DC/DC converters in transport applications

2019. 8. 21
DC/DC converters in transport applications Blog Post Image
Transport applications requiring DC/DC converters are unique in their requirement for wide input range and immunity to harsh environmental and EMI conditions making commercial or ‘standard’ industrial grade parts unlikely to be a reliable solution. This article gives an overview of the requirements in rail, automotive and industrial vehicles and introduces some off-the-shelf modular solutions which meet the specifications required.

Table of contents

DC/DC converters for electronic systems are found in just about all conceivable applications: consumer, IT, industrial, transport and more. Mostly they are embedded within systems, well protected from the outside world with its unpredictable power supply and environmental variations. Transport however, is different. DC/DCs are often powered directly from system batteries which can also feed other loads, generating spikes, surges and drop-outs.

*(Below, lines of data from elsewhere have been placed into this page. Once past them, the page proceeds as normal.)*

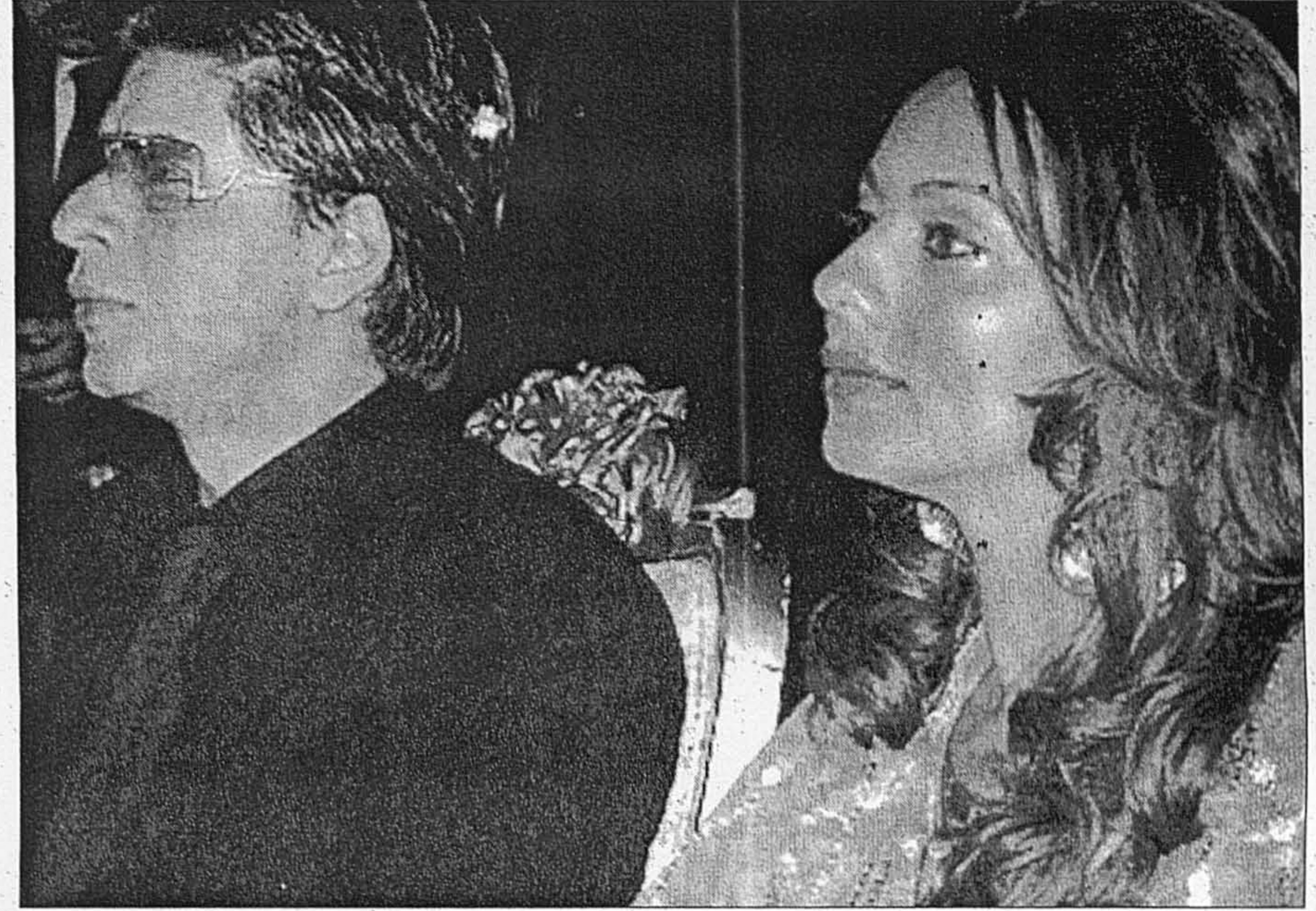
Shah Rukh Khan bersama isteri Gauri Khan yang telah berkahwin pada tahun 1991.

< Keratan temubual majalah 'The Edge' dengan Shah Rukh Khan yang disiarkan baru-baru
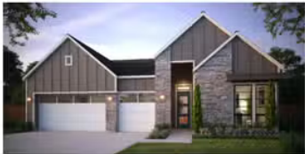
ELEVATION C – MODERN MOUNTAIN
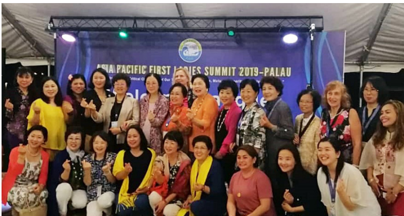
Group photo with representatives of WFWP chapters in Asia Pacific.
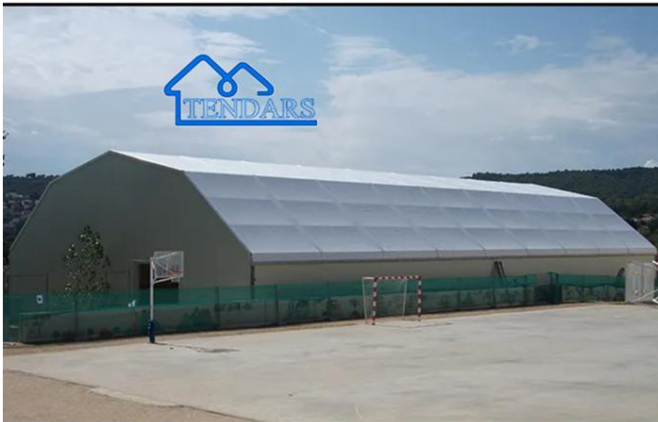
Marquees with 100m x 100m Size 100m x 100m x 10m
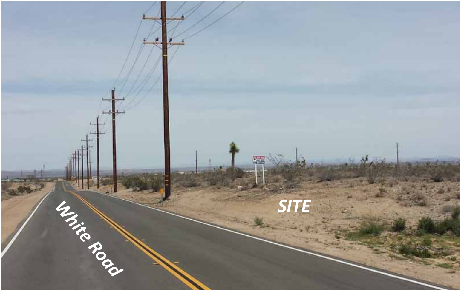
Looking North to Palmdale Road
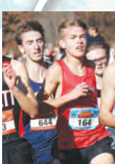
1 MILE 6 th 5:04.6
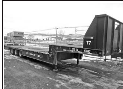
'05 Trail King 70HT, 3-axle, w/hyd. tail, bulkhead, traction plate, 20K winch.
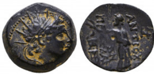
328 SELEUKID KINGDOM. 2nd - 1st Century BC . Ae Reference: Condition: Very Fine Weight: 3.9 gr Diameter: 15 mm 1
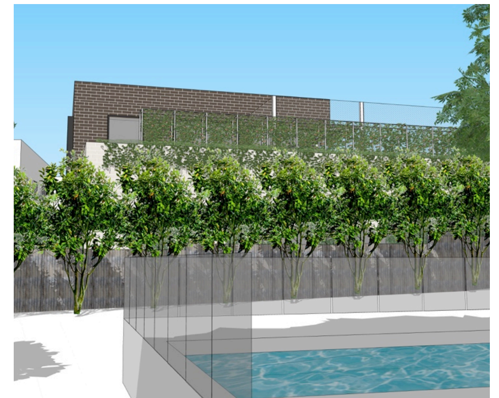
Revised design for Response to Submissions perspective View from No.39
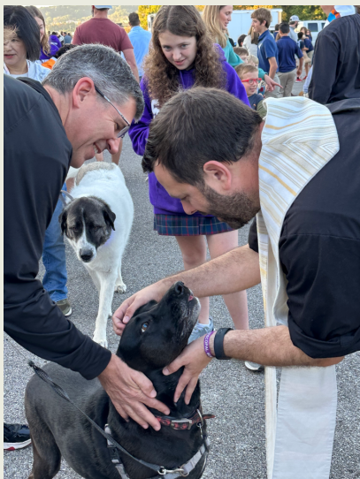
Blessing of the Pets
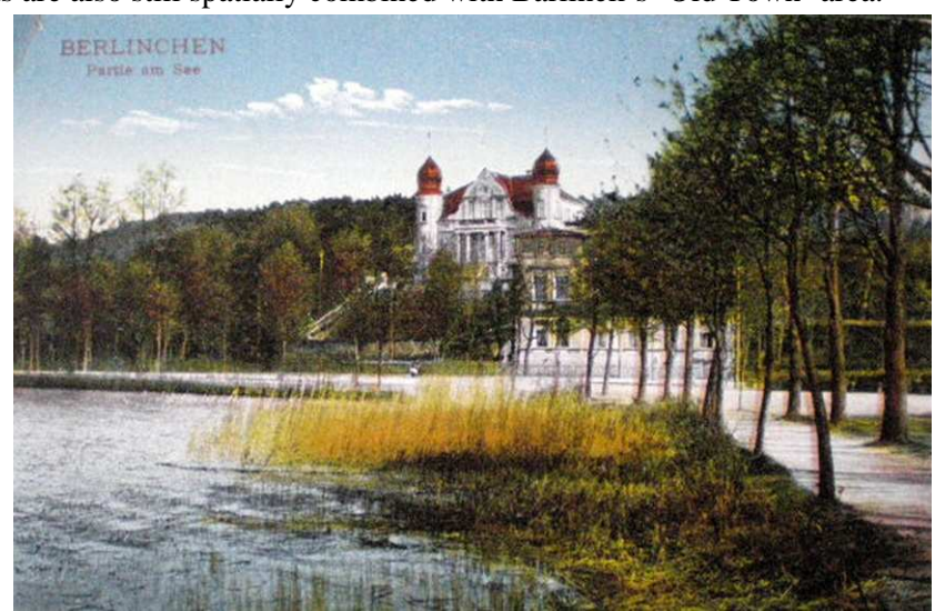
Fig. 1. Pre-war postcard of Berlinchen, showing the excellent location of the Villa Duelfer against the forest and lake.

three sides is a forest (Fig. 1). Looking at the location and urban composition of the area, the villa's grounds blend into the green, tourist part of the place, which is slightly spatially separated from the centre in such a way that the two zones are axially linked by the clear, simple passage of Strzelecka street. The green areas are also still spatially combined with Barlinek's 'Old Town' area.
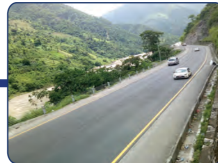
Nepal: Detailed Design of Improvement of Kathmandu Naubise Mugling Road and Bridges Length 121.50Km World Bank Funded

The transport physical environment can also be harsh with condensation, shock, vibration and rapid temperature swings between wide extremes. Also, by its nature, transport moves between different radiated EMC environments with emissions present, sometimes at high power, from other vehicles and radio, television and cellphone masts. Modular DC/DCs have become commodity parts and even the lowest cost parts can boast high performance with safety certifications. Do these match transport requirements? An examination of the standards for performance in these markets shows that special designs are generally needed.

Transport applications such as rail can have different nominal voltages

Perhaps railways are seen as one of the most demanding applications for DC/DC converters with nominal system voltages that can vary between 24 and 110V DC. According to EN 50155-2017 ‘Railway applications – Electronic equipment used on rolling stock’, nominal voltages can vary +25%/-30% and dips can occur down to 60% of nominal while surges can reach 140%. Figure 1 summarises the range of voltages that could be seen. According to the standard, surges and dips to the specified levels up to 100ms duration should not cause ‘deviation of function’ although some degradation in performance is allowed for surges of up to one second duration. For power converters, it’s hard to suggest what degradation is acceptable to downstream equipment so practically, a DC/DC needs to function as normal, indefinitely, at the highest surge level of 140%.



Fig. 1: Range of supply voltages for different nominals according to EN 50155-2017 for rail applications

Figure 1 also shows the ‘standard’ 4:1 input ranges of DC/DC converters illustrating how some parts can cover at least some of the rail requirements. However, an ‘ideal’ converter to cover all variations would have an input range of 10:1 or better as shown.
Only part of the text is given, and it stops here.